Он нагло скользит ладонью в вырез халата, который я накинула на голое тело после крайнего посещения ванной. Сжимая грудь, перебирает пальцами мой сосок, но именно сейчас делает подобное без похоти. Чувствуется в этом жесте какое-то сытое собственничество. Мне оно нравится. Очень-очень сильно нравится.
– Сама говорила: «Не думай», – припоминает мою недавнюю просьбу. – Тебя это тоже касается.
Киваю в знак согласия и с новым вздохом накрываю его руки своими ладонями.
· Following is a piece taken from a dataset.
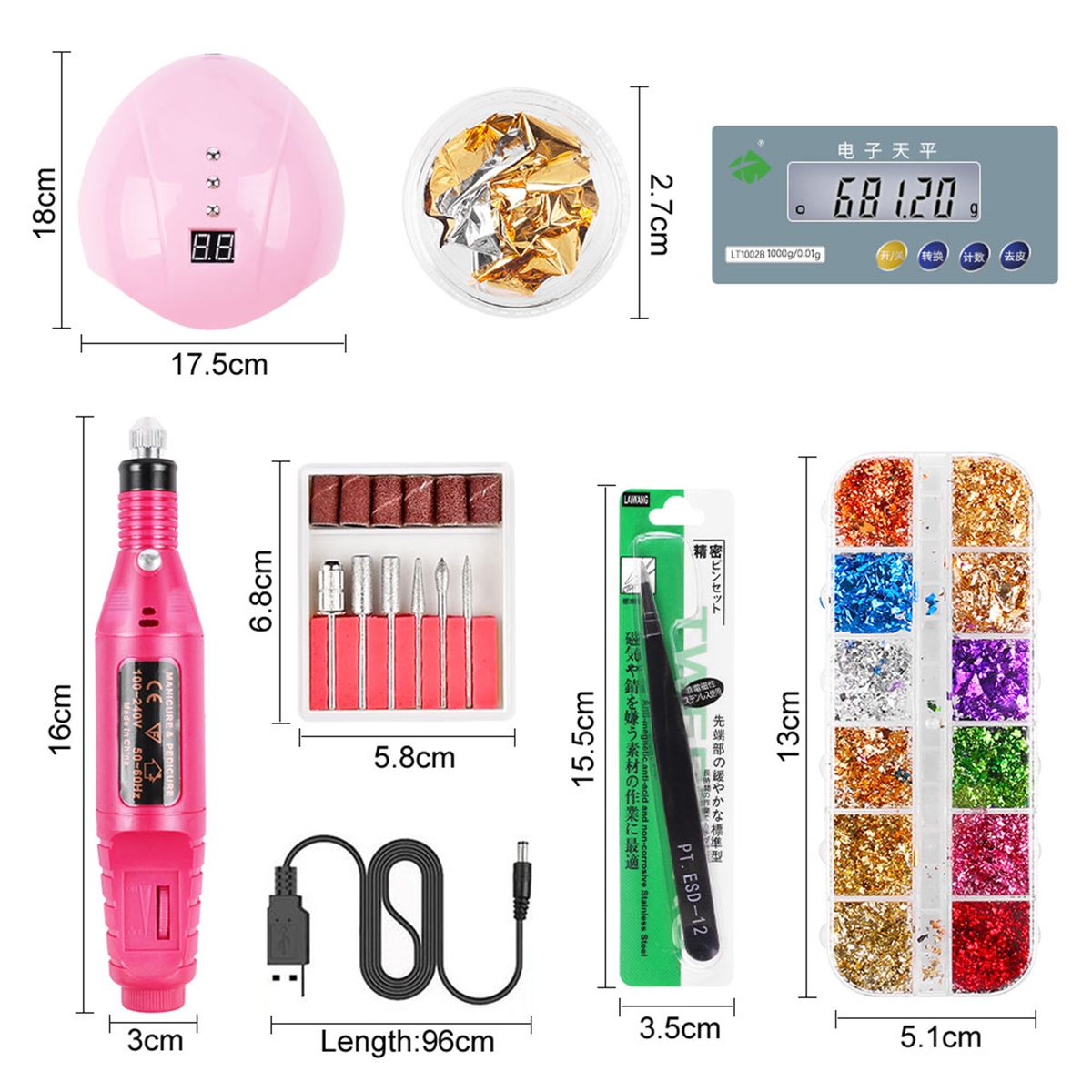 24 x Grids of Foil Papers,7 x Boxes of Nail Ornaments,1 x Straight Tweezers,1 x Curved Tweezers,1 x Nail Lamp,1 x Nail Drill Machine,1 x Box of Drill Bits,1 x USB Cable,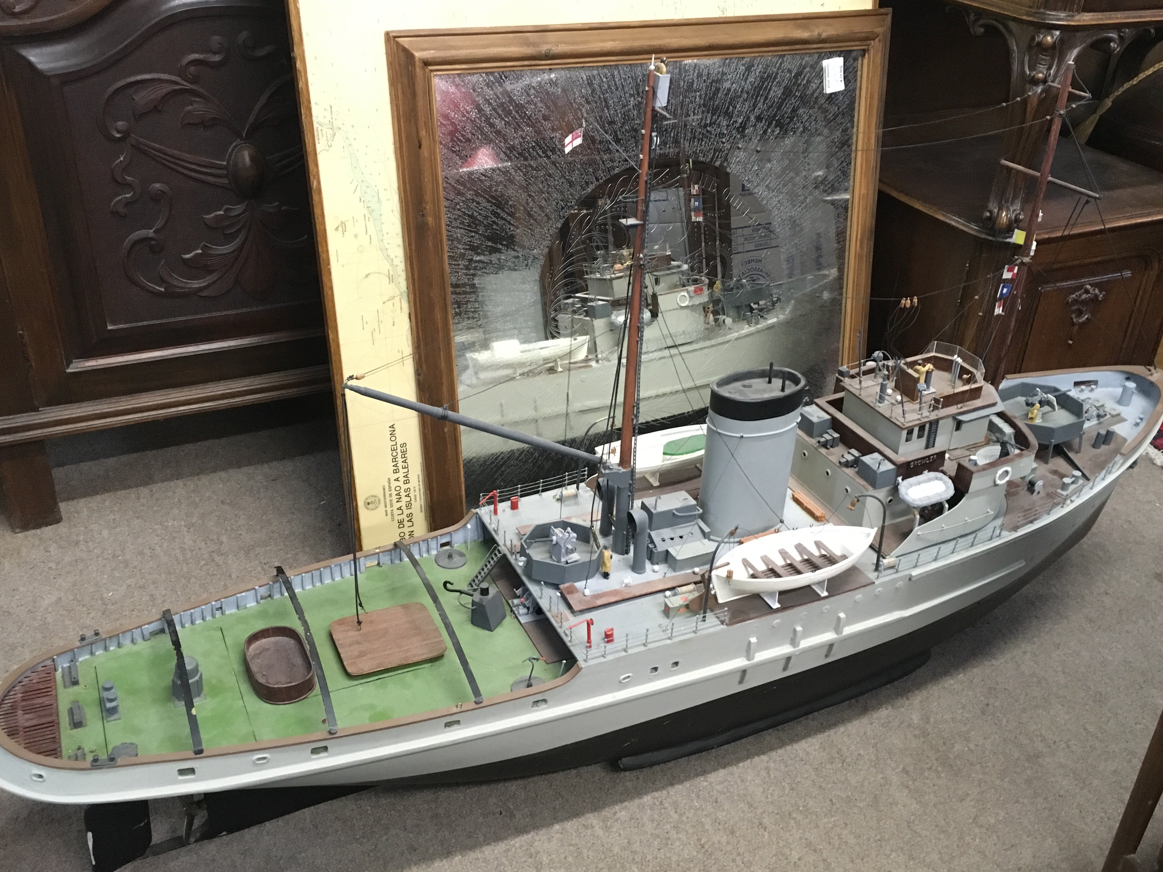 A large motorised model boat , approximate 130cm long. This lot cannot be posted

Бездумно поглаживая, прочесываю пальцами короткие жесткие волоски на сильных, увитых венами предплечьях.
«Он мой… Сейчас он мой…» – эта уверенность расталкивает все остальные мысли.
И я с ощутимым довольством перевожу дыхание.
Саня сжимает меня крепче и касается губами виска. Так и застываем, глядя через окно кухни на разливающееся оранжевыми лучами по небу солнце.
– Пойдем в спальню, – зазывает Георгиев чуть позже, наполняя голос какими-то дико интимными и безумно сексуальными нотками. – Хочу тебя. Бесконечно.
Это приглушенное и вместе с тем шумное, на потоке густого дыхания, заявление окутывает меня жаром и пронизывает острыми иголками трепетного волнения.
– Мм-м… Чуть позже, Саш.
Отказываю, потому что физически уже ноет все тело. Даже спазмы возбуждения вызывают внизу живота и в промежности боль.
– Почему позже? Дай долюбить, Сонь.
Невозможный нахал.
Но…
Заставляет улыбаться.
– Дай отдышаться, Саш, – пытаюсь отразить ему в тон, но голос слишком явно звенит переполнившим душу счастьем. – Ты и так уже слизал с меня кожу… Про остальные места молчу!
– Почему молчишь? М? Что я с ними сделал?
– Георгиев! – возмущаюсь задушено.
И ерзаю, когда ощущаю, что его член, упирающийся мне в поясницу, снова абсолютно, черт его дери, твердый. Сжимающая мою грудь ладонь так же меняет характер движения.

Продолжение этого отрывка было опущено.